EXERCISE MATERIALS =>
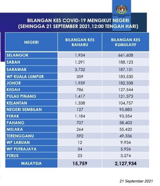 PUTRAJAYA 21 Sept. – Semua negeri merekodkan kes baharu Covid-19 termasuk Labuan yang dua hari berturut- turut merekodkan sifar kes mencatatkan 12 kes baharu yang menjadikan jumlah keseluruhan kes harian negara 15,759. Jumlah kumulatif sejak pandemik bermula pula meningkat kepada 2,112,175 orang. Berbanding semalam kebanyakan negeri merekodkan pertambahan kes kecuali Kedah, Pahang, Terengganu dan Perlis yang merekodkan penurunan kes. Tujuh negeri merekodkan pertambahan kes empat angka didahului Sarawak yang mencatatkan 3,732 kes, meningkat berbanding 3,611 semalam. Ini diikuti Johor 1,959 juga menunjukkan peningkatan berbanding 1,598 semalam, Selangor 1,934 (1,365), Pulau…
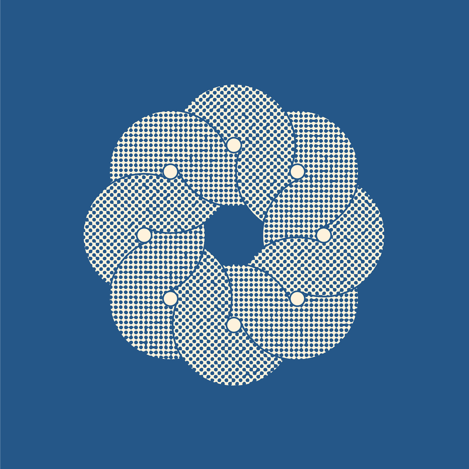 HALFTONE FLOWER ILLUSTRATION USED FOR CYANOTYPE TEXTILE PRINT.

* * *

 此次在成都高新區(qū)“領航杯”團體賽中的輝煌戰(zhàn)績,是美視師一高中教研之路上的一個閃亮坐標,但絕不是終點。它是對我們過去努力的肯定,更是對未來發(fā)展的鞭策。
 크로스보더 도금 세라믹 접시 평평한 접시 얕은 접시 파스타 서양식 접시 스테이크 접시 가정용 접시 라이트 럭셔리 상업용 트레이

--

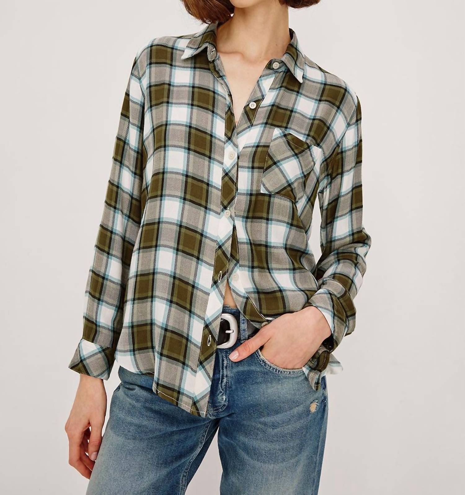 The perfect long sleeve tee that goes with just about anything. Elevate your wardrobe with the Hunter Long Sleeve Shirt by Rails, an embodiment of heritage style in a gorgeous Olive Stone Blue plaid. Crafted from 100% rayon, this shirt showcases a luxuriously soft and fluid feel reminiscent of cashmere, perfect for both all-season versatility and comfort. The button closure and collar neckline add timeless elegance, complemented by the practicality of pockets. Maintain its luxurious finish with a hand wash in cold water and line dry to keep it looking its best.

WHAT TO WORK ON => Within the listing above, the lines starting at the one containing "PUTRAJAYA 21 Sept." and ending at the one containing "HALFTONE FLOWER ILLUSTRATION" are to be returned exactly. Omit the pictures.

RESPONSE TO THE EXERCISE =>
 PUTRAJAYA 21 Sept. – Semua negeri merekodkan kes baharu Covid-19 termasuk Labuan yang dua hari berturut- turut merekodkan sifar kes mencatatkan 12 kes baharu yang menjadikan jumlah keseluruhan kes harian negara 15,759. Jumlah kumulatif sejak pandemik bermula pula meningkat kepada 2,112,175 orang. Berbanding semalam kebanyakan negeri merekodkan pertambahan kes kecuali Kedah, Pahang, Terengganu dan Perlis yang merekodkan penurunan kes. Tujuh negeri merekodkan pertambahan kes empat angka didahului Sarawak yang mencatatkan 3,732 kes, meningkat berbanding 3,611 semalam. Ini diikuti Johor 1,959 juga menunjukkan peningkatan berbanding 1,598 semalam, Selangor 1,934 (1,365), Pulau…
 HALFTONE FLOWER ILLUSTRATION USED FOR CYANOTYPE TEXTILE PRINT.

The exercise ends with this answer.